Is there a way to get a handrawn look for the grid?
JulianDracos
Mapmaker
I have been looking at some dungeon maps. They look like they are done in the OSR dungeon style. At fist I thought it was flooring because the grid only shows up on the walkable parts, but the lines match up too well Any thoughts on how to do this?
Best Answer
-
Monsen Administrator 🖼️ 81 images Cartographer
Do you have the 2020 annual? Dyson Logos style "Inked Dungeons" appeared in the April 2020 Issue. Here the floor grid is made using a scalable hatching made up of polygons to be able to create variable width "lines" that look handdrawn.
Answers
Do you have the 2020 annual? Dyson Logos style "Inked Dungeons" appeared in the April 2020 Issue. Here the floor grid is made using a scalable hatching made up of polygons to be able to create variable width "lines" that look handdrawn.

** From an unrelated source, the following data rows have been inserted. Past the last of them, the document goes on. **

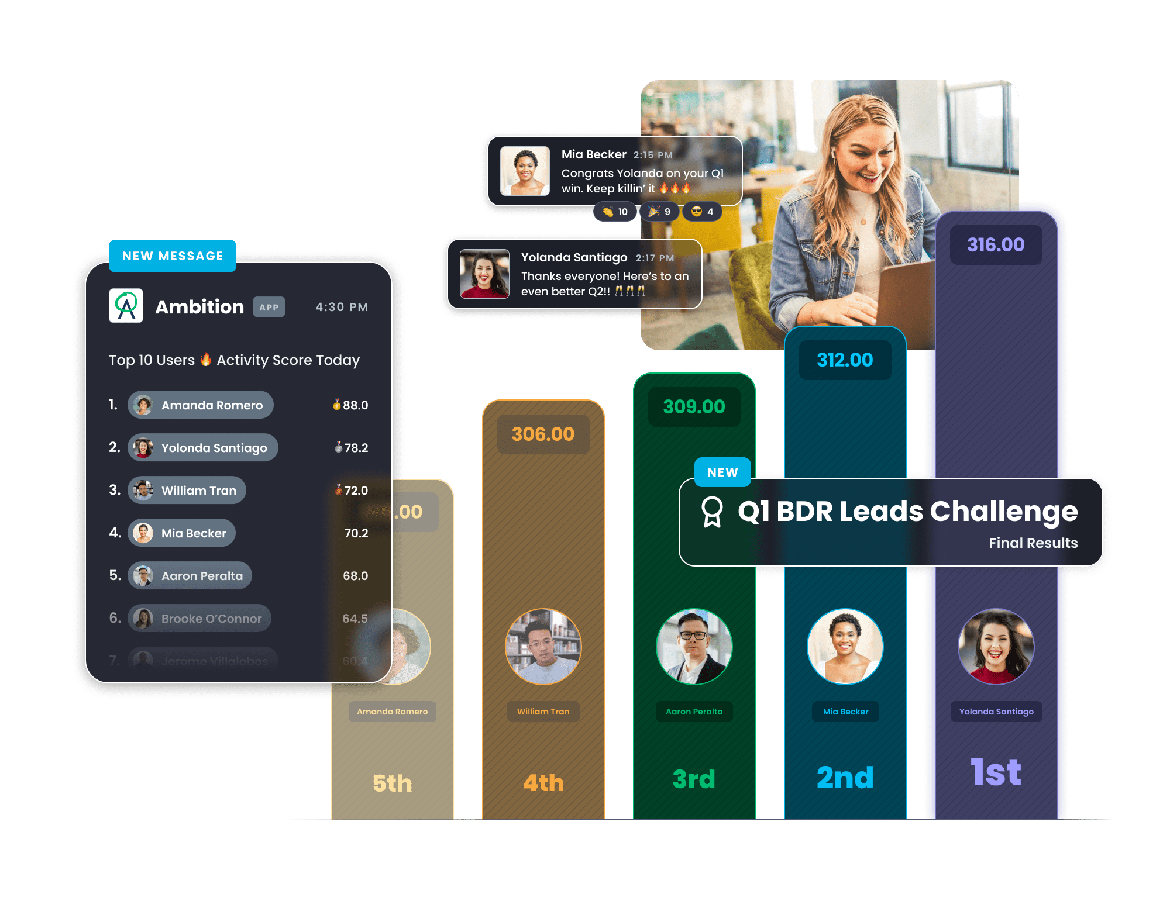 Fire up your sales team and keep upping the ante with contests you can draft and deploy in just a few clicks. Ambition automatically tracks and reports standings for call raffles, activity blitzes, objection bingo, team vs. team competitions, and more, in real-time. Plus! Competition standings are summarized by AI in the manager brief.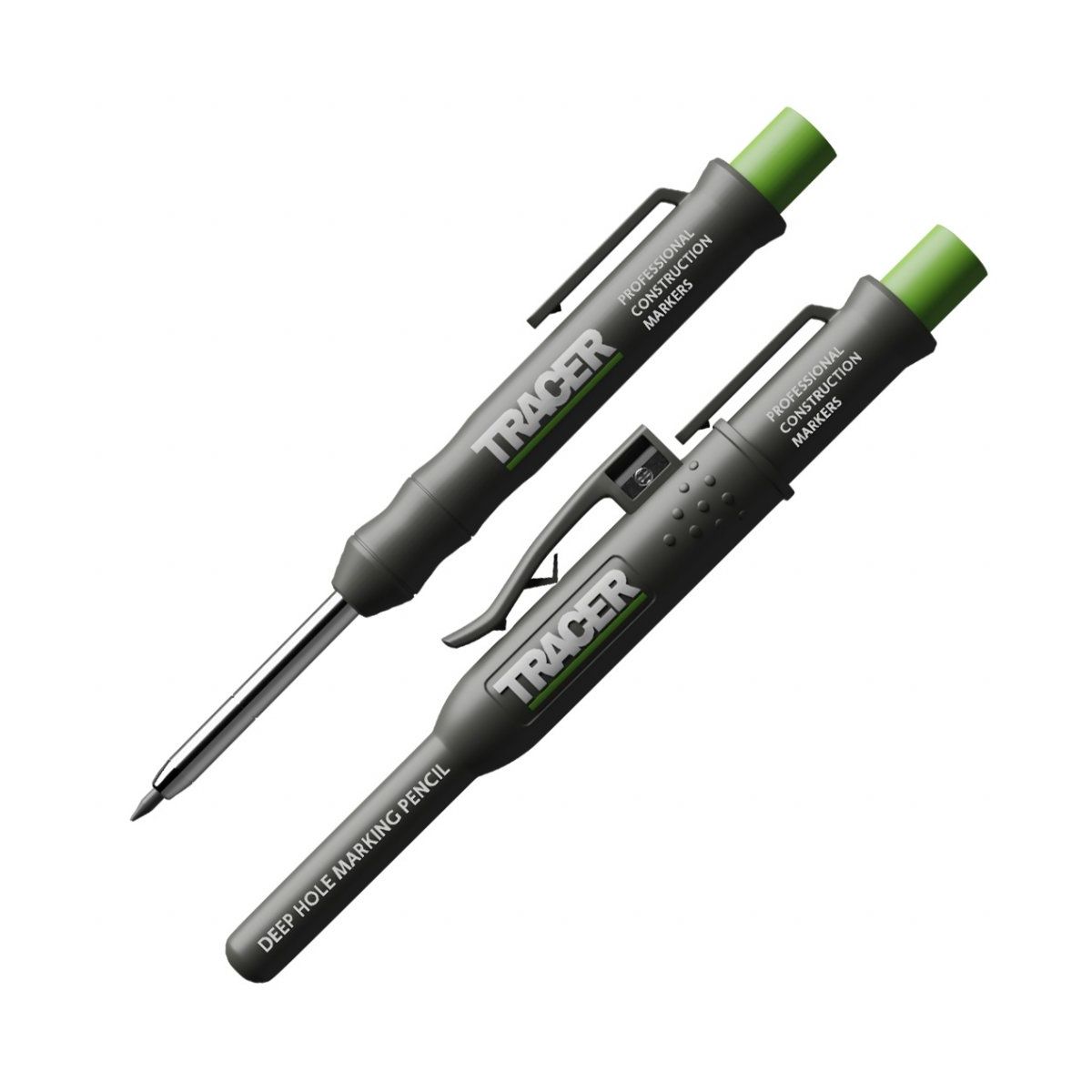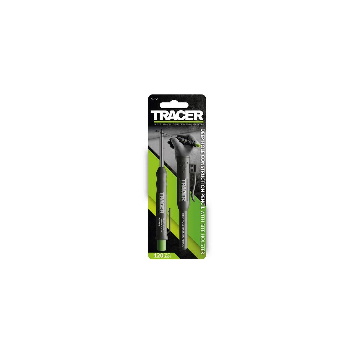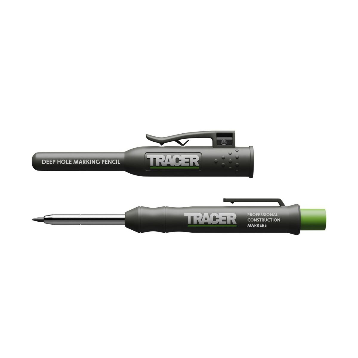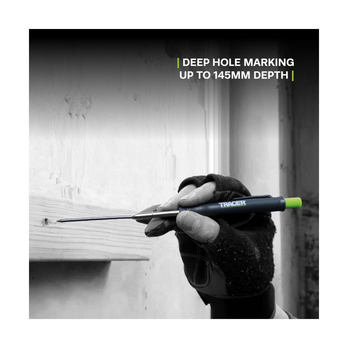 - Le marqueur à mine profonde TRACER avec étui de chantier est conçu pour offrir rapidité, praticité et précision. Destiné à un usage général dans le secteur de la construction, ce marqueur professionnel est doté d'une mine 2B extensible de 120 mm permettant de marquer jusqu'à 100 mm de profondeur dans un trou de 3 mm et jusqu'à 145 mm dans un trou de 6 mm.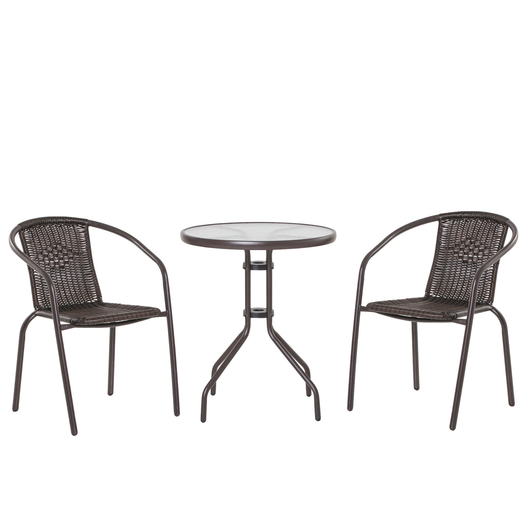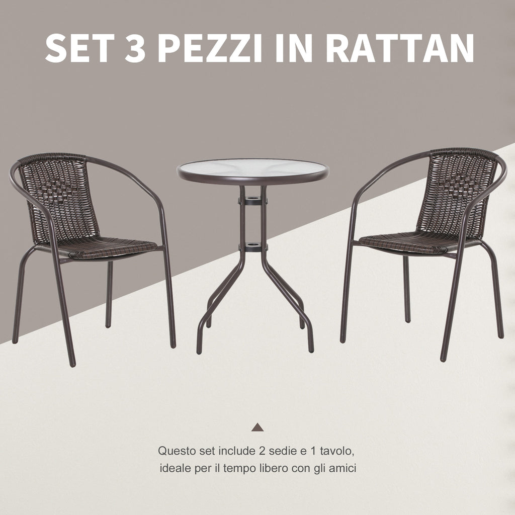 Set Tavolo e 2 Sedie da Giardino in Acciaio e Rattan Marrone

Nope, I do not own it. Although I am looking to buy one more expansion so maybe I will get this.
BTW, is there a way to make the grid viewable only on certain sections?
You can use a touch of displacement effect to get the lines to look more wiggly. A carefully-crafted color key effect (basically just splotches of the kill color on a transparent background) can be used to make the lines look a little more broken-up first. The example below has a box filled with such a carefully-crafted fill pattern on the left that's then used with a color key effect on that sheet to get the effect on the right (everything on the GRID sheet, of course). Note that it also works to do interesting things to the text.
And the fill pattern, in case you want to try such a thing:
How did you generate the pattern @jslayton ? Be useful to have a variety of these for different "aging" tasks.
I made a small image in photoshop (64x64), added uniform noise, scaled the image size up by 2x to 128x128, and continued until I had a nice fractal noise of 512x512. I adjusted levels until it was a two-color image, multiplied by magenta (ff00ff), and deleted off the black things to get the transparent part.
The trick works with any pattern you like such as stippling or striping, which allows removing bits of arbitrary geometry.